TASK DETAILS: Please copy each line below that contains the string "have".

--- AVAILABLE DATA Enclosed Below ---

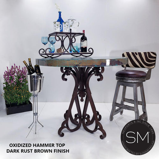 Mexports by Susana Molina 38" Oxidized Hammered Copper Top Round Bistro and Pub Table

--- End of Enclosed AVAILABLE DATA ---
--- AVAILABLE DATA Enclosed Below ---

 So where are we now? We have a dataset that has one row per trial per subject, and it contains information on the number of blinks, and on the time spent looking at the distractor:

--- End of Enclosed AVAILABLE DATA ---
--- AVAILABLE DATA Enclosed Below ---

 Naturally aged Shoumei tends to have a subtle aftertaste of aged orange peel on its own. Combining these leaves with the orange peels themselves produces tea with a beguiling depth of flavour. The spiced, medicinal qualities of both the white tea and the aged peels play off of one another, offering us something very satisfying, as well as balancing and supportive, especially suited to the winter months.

--- End of Enclosed AVAILABLE DATA ---

WRITTEN SOLUTION:
 So where are we now? We have a dataset that has one row per trial per subject, and it contains information on the number of blinks, and on the time spent looking at the distractor:
 Naturally aged Shoumei tends to have a subtle aftertaste of aged orange peel on its own. Combining these leaves with the orange peels themselves produces tea with a beguiling depth of flavour. The spiced, medicinal qualities of both the white tea and the aged peels play off of one another, offering us something very satisfying, as well as balancing and supportive, especially suited to the winter months.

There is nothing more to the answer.